The privileged, if terribly dull lives of impotent businessman George and his generally frustrated wife Teresa are thrown into disarray when Richard (“Dicky”), a brusque and churlish gangster on the lam, decides to hole up in their crumbling seaside castle while awaiting the arrival of his cohorts. Immediately drawn to the alpha male’s coarse machismo, the milquetoast George finds himself becoming a neurotic lapdog while Teresa’s libido begins to tingle at the thought of finally having a “real man” in the chateau. Meanwhile the somewhat thick-headed Richard remains perpetually baffled by his eccentric hosts’ increasingly odd behaviour.

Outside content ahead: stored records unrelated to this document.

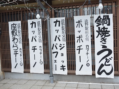ジョッキパフェというのは、たぶん我々みたいなおっさんには手に負えない体に悪いやつなんだろうなあ(あとで写真を見て、手を出してはならんと確信)。しかしそのわりには鍋焼きうどんだけそのまんま直球勝負しています。この肌寒さなら鍋焼きかなと店内に入ろうとした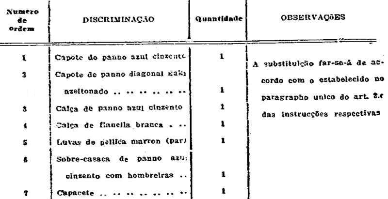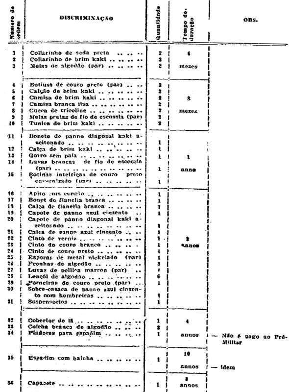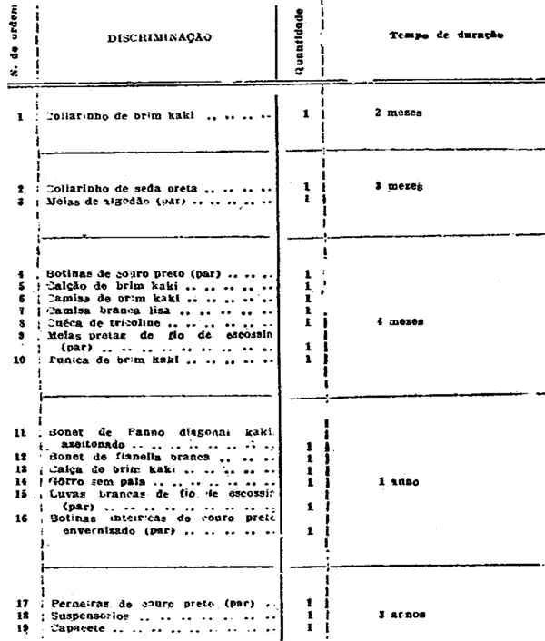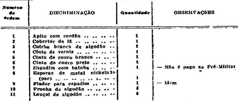 Fardamento e artigos com duração limitada a ser distribuido aos alumnos dos Cursos Pré-Militar, C. O. C. e C. O. A. do C. I. M. após o vencimento (art. 4.º)
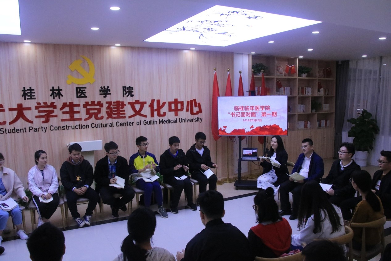 为深入贯彻落实党的思想方针和政策,加强基层党组织的建设,同时推进学校“三全育人”工作,进一步了解学生需求,临桂临床医学院于2019年3月20日在临桂校区党建活动中心开展临桂临床医学院“书记面对面”交流会,临桂临床医学院党委副书记刘梦青出席活动,学工办辅导员、学生党员、入党积极分子及班级学生干部代表参加此次活动。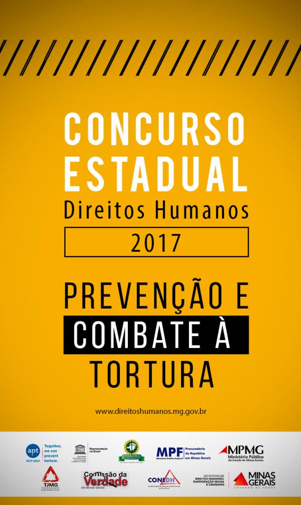 O Concurso Mineiro de Direitos Humanos 2017, é realizado com o apoio do Conselho Estadual de Defesa dos Direitos Humanos (Conedh), da Comissão da Verdade em Minas Gerais (Covemg), do Tribunal de Justiça (TJMG), do Ministério Público (MPMG), do Ministério Público Federal (MPF-MG), da Defensoria Pública (DPMG), da Organização das Nações Unidas para a Educação, a Ciência e Cultura (Unesco) e da Associação de Prevenção à Tortura (APT).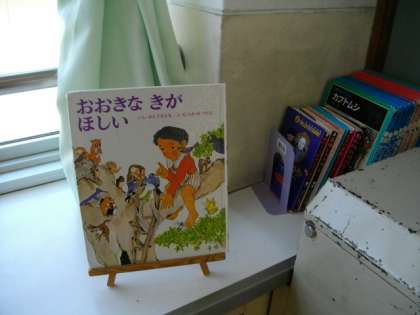 それは手をまわしたって抱えられないような太い木で、はしごをかけて上へと登っていきます。木の幹にぽっかり空いた洞穴の中にもはしご。せっせと登っていくと、いきなり可愛い部屋の中へ! そこは枝が三つに分かれたところに建てたかおるの小屋。テーブルと椅子、そして小さな台所まであるのです。ここでかおるはホットケーキを焼きます・・・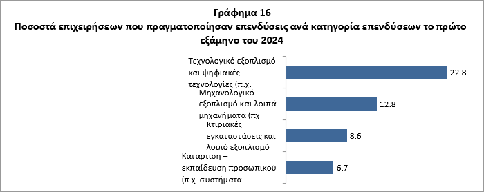 Το 22,8% των επιχειρήσεων πραγματοποίησε επενδύσεις σε τεχνολογικό εξοπλισμό και ψηφιακές τεχνολογίες, το 12,8% επενδύσεις σε μηχανολογικό εξοπλισμό και λοιπά μηχανήματα, το 8,6% σε κτιριακές εγκαταστάσεις και λοιπό εξοπλισμό και το 6,7% σε κατάρτιση και εκπαίδευση προσωπικού, ποσοστά μειωμένα σε σχέση με το προηγούμενο κύμα της έρευνας.

A tense psychological three-way ensues with destructive fun and games and a growing sense of menace which threatens to not only derail the couple’s orderly life but send it careening into the abyss as well. Under the guise of an absurdist black comedy, and it really is funny to be honest, Roman Polanski explores some weighty territory: the banality of the upper crust (an insufferable lunch party with some boorish friends and their hellish son is pure gold); gentility as a weak facade hiding our true natures; and the power of brutality to incite chaos and madness in even the most civilized settings. George and Teresa’s imposing estate, set conspicuously atop an isolated thrust of rock, speaks of affluence but in reality it is overrun with domesticated chickens and bad artwork while the couple themselves are practically penniless thanks to the cost of its upkeep. Richard, on the other hand, remains oblivious to the faux opulence around him and instead helps himself to whatever the hell he wants thanks to a loud voice and loaded pistol (ah symbolism!). But it is in the film’s blazing finale, dripping with violence and grim irony, that Polanski showcases his legendary directorial skills as he brings the story full circle before ending it with one of the more magnificently outlandish series of images I’ve seen in some time.

Marinetti Oct 30, 2013

Funny, quirky film by Roman Polanski ( Chinatown, Rosemary's Baby ). Fast forwarding through quality films evinces an attention span worthy of a gnat.

Jul 21, 2013

Froster was right, a lot of fast forward ... Watch it for the rich collection of characters came together in the unusual boondocks setting.

Froster Jul 16, 2012

Although I usually don’t have much patience for “epater la bourgeoisie” exercises, “Cul-de-Sac” does provide some pleasures. The cinematography is marvelous, the atmosphere is tangible, and the performances are…well…committed, if rather one-note. Take Bunuel, Orton, Pinter, even Beckett…throw in a dash of Key Largo, shake vigorously, and “Cul-de-Sac” is what you end up with. Although Stander and Pleasance make most of the noise, the real find here is Dorleac, whose early death seems more tragic with every film I see of hers. Polanski got better, more controlled and for the most part, wittier after this effort. (With some stunning lapses, it’s true). But it’s certainly worth viewing. It’s just that you might find yourself fast forwarding, and turning the volume down. Don’t worry…you won’t miss that much. Oh, and as for the nasty comment about attention spans directed at two of us, a gnat would long have died of boredom not fast-forwarding through all of this, but then again "lobsterandliver" , they don't have opposable thumbs. Do you?